__PROMPT__: Below is a listing. Quote from it, exactly, the lines from the one containing "Some members undertaking" down to the one containing "During 2021/22 we", both ends included, and nothing else.

__DATA SUPPLIED__:
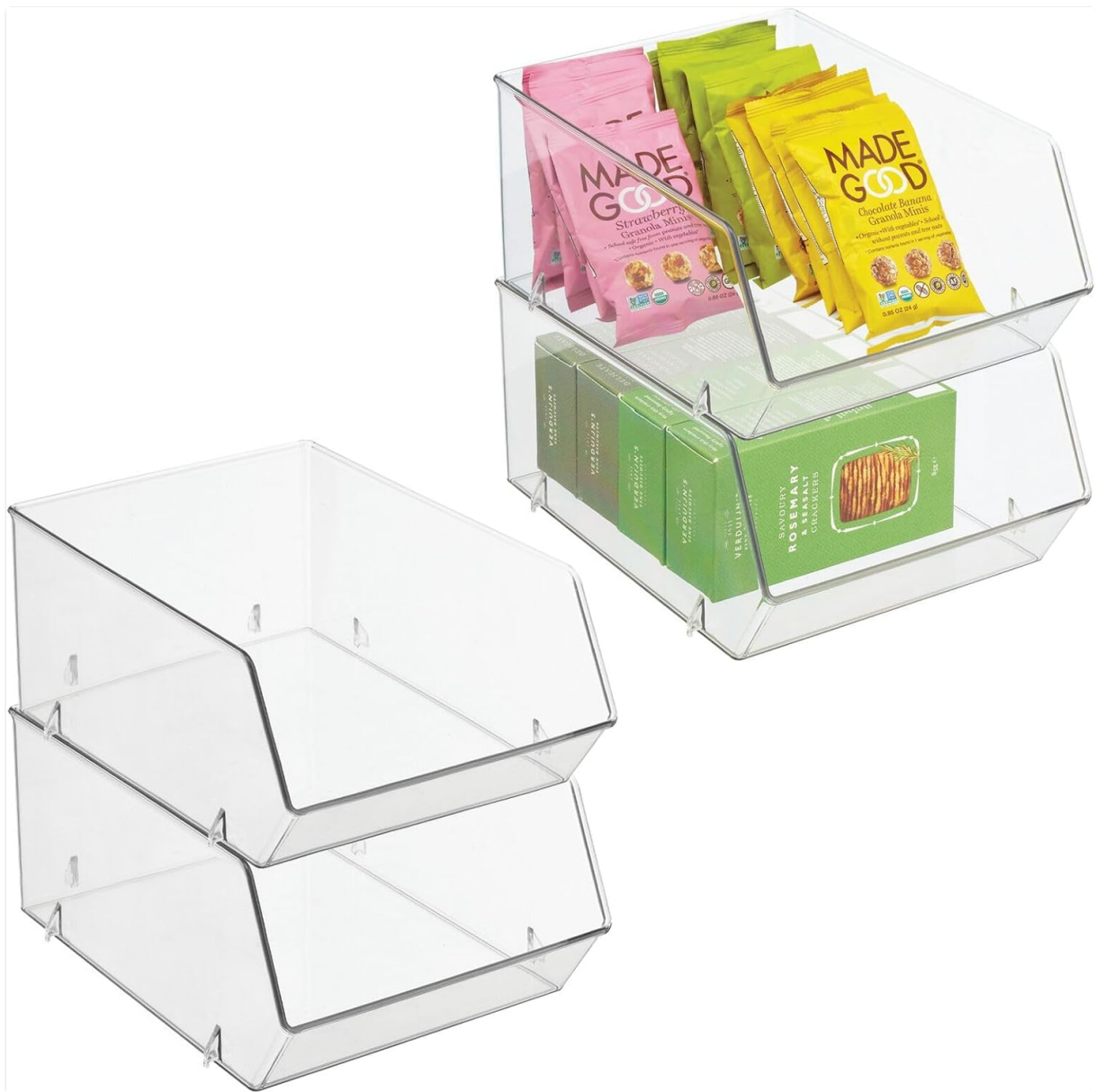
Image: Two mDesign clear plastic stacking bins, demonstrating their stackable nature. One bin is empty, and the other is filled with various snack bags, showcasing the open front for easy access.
...
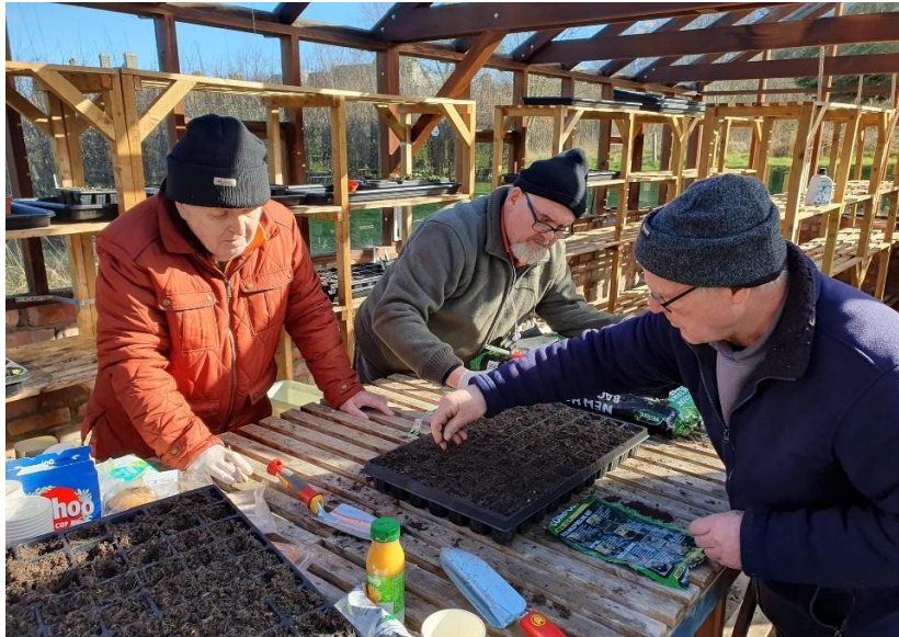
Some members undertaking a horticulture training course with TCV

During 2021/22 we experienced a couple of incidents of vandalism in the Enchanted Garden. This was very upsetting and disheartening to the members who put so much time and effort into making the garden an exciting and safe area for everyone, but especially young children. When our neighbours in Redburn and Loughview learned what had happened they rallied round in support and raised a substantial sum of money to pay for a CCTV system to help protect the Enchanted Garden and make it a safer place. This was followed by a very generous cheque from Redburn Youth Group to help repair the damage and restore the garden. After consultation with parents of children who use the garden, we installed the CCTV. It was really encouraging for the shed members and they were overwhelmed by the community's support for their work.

__RESPONSE TO THE TASK__:
Some members undertaking a horticulture training course with TCV

During 2021/22 we experienced a couple of incidents of vandalism in the Enchanted Garden. This was very upsetting and disheartening to the members who put so much time and effort into making the garden an exciting and safe area for everyone, but especially young children. When our neighbours in Redburn and Loughview learned what had happened they rallied round in support and raised a substantial sum of money to pay for a CCTV system to help protect the Enchanted Garden and make it a safer place. This was followed by a very generous cheque from Redburn Youth Group to help repair the damage and restore the garden. After consultation with parents of children who use the garden, we installed the CCTV. It was really encouraging for the shed members and they were overwhelmed by the community's support for their work.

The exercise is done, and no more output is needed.